As Captain Cresida’s warships rocketed away and began the vast turn required to make another firing pass at the Syndics, the enemy battleship, which had caught successive volleys of specter missiles, grapeshot, and hell lances, began sliding out of position, its aft propulsion systems still at full strength, but its forward sections torn and battered.
“Furious took several hits, one hell-lance battery and null-field projector out of commission,” the combat watch-stander reported in a precise voice. “Implacable has lost two hell-lance batteries and suffered minor damage to one propulsion system. Both battle cruisers expended all of their missiles and grapeshot on that pass. Utap has lost all combat systems but remains able to maneuver. Arbalest and Raven’s Beak have taken serious damage but can remain with their formation.”
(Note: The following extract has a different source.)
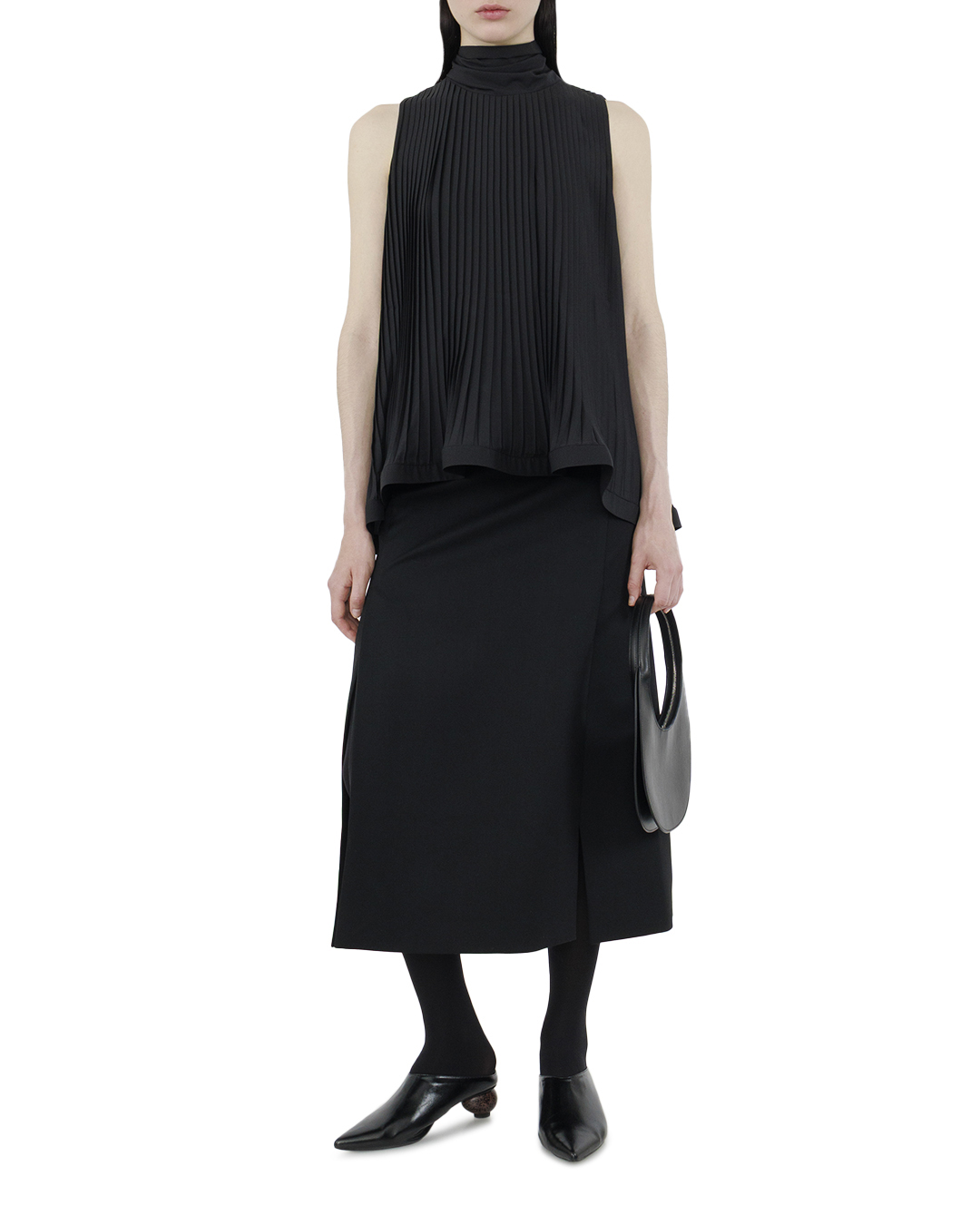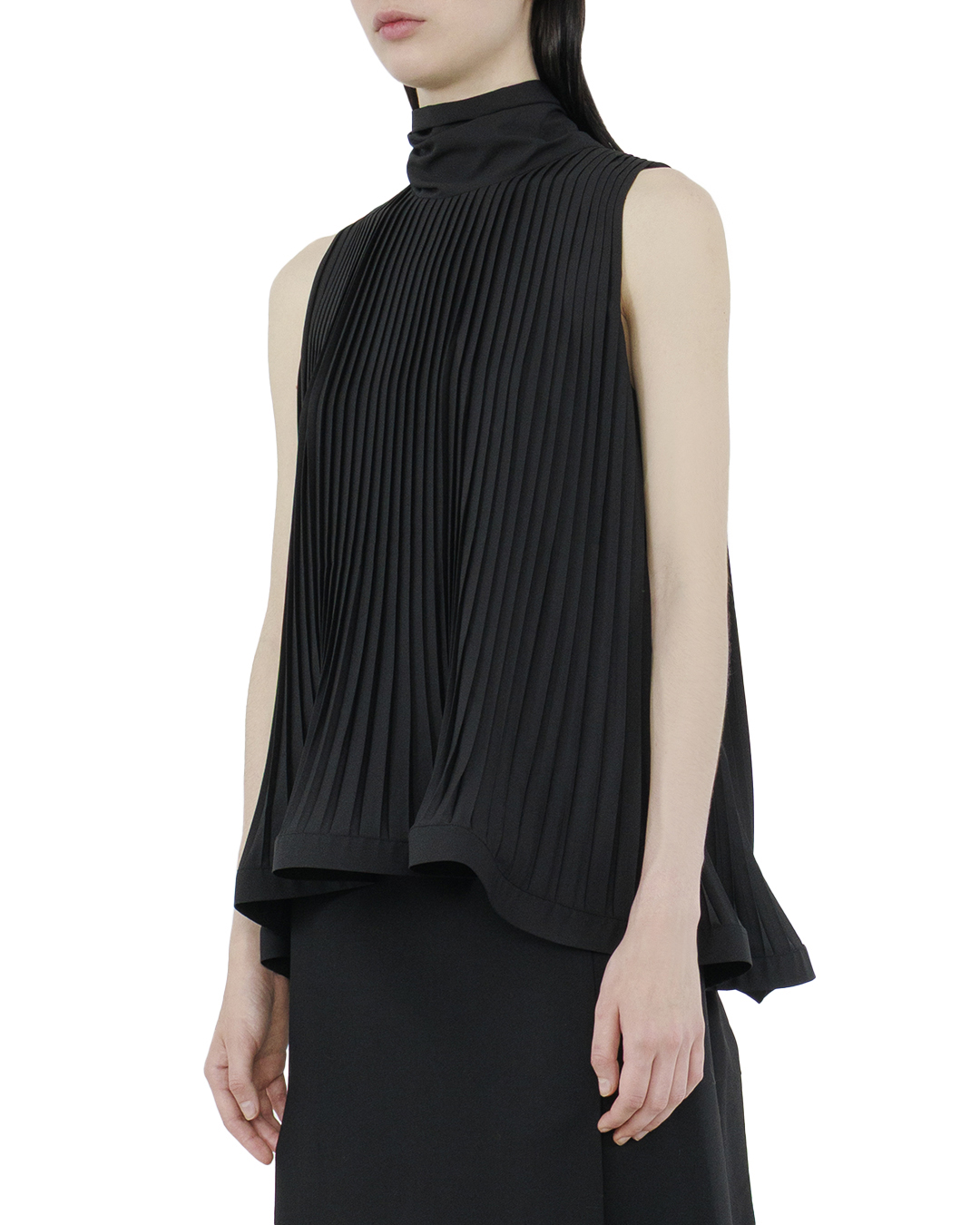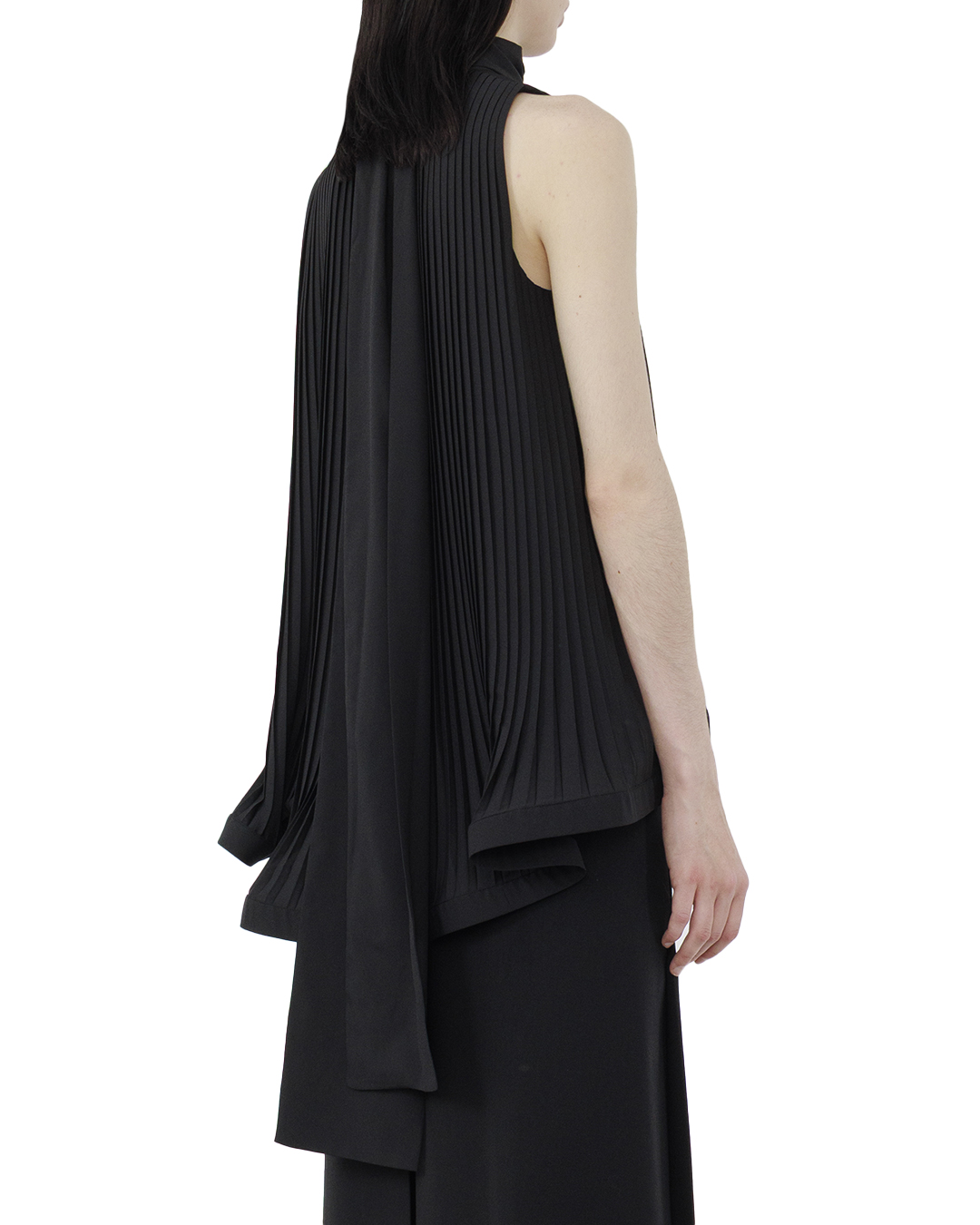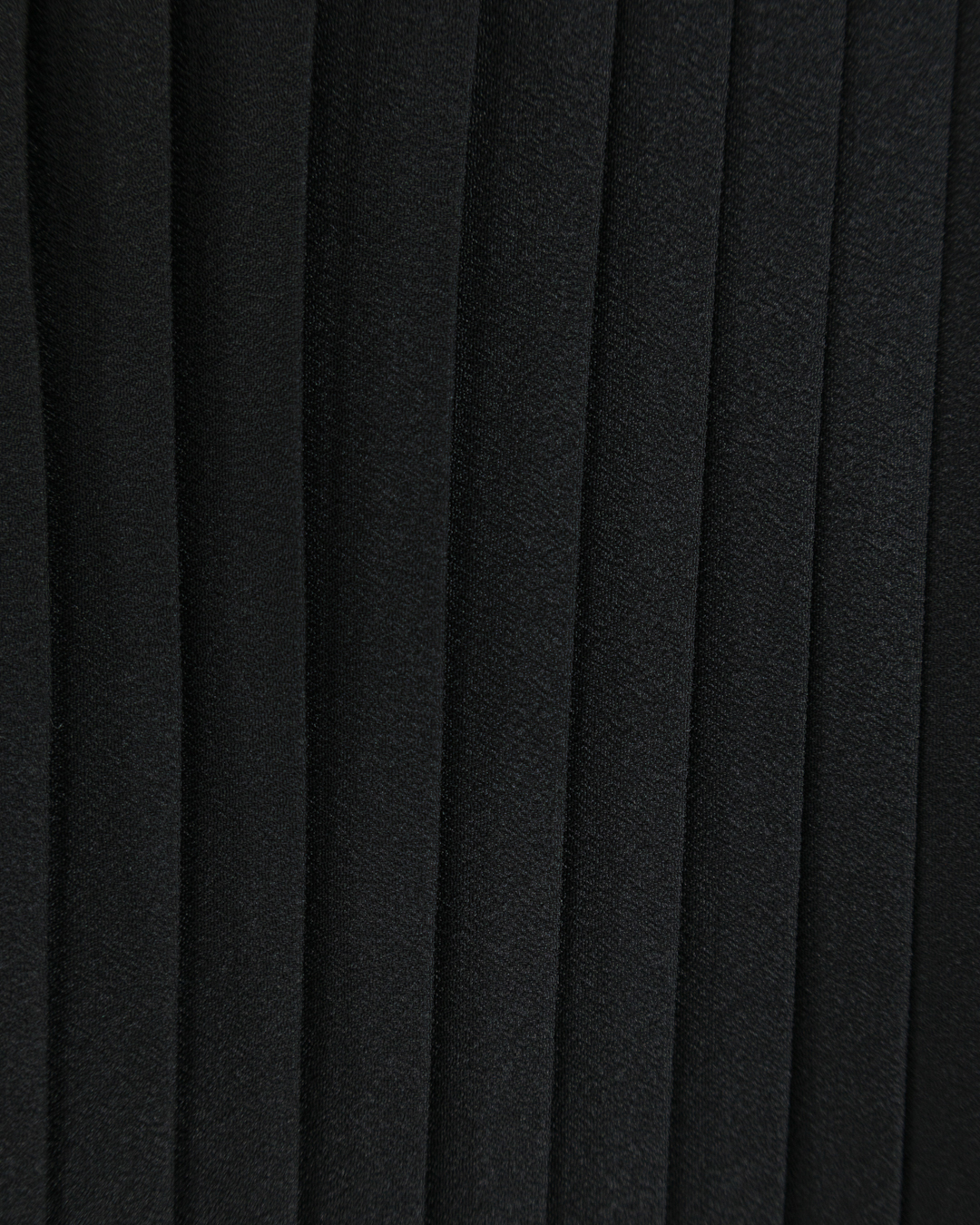 Этот топ с завязкой на спине воплощает в себе элегантность и современную утончённость. Он выполнен из легкой драпирующейся ткани, которая мягко дочеркивает женственный силуэт. Изюминка модели — это завязка на спине, добавляющая изящную пикантность и создающая эффектный акцент.  Передняя часть украшена деликатными плиссировками, которые добавляют текстурный контраст и динамику движений. Высокий воротник-хомут придаёт образу строгость и благородство, отлично гармонируя с игривостью открытой спинки.  Края изделия обработаны узким кантом, что придаёт завершённый вид и долговечность в носке. Этот топ станет идеальной основой как для изысканного вечернего образа, так и для модного повседневного наряда.

Less than two minutes later the Alliance subformations began arriving at their intercept points. Captain Tulev led Leviathan, Steadfast, Dragon, and Valiant against another edge of the Syndic formation. The Alliance battle cruisers once again concentrated their fire, and this time as they pulled away one Syndic battleship had taken severe damage and one of the remaining Syndic battle cruisers drifted with all systems dead.
Captain Duellos brought Courageous, Formidable, and Intrepid in next, badly damaging another Syndic battleship, then the five surviving battle cruisers of the Sixth and Seventh Divisions ripped past and took out two of the last three Syndic battle cruisers.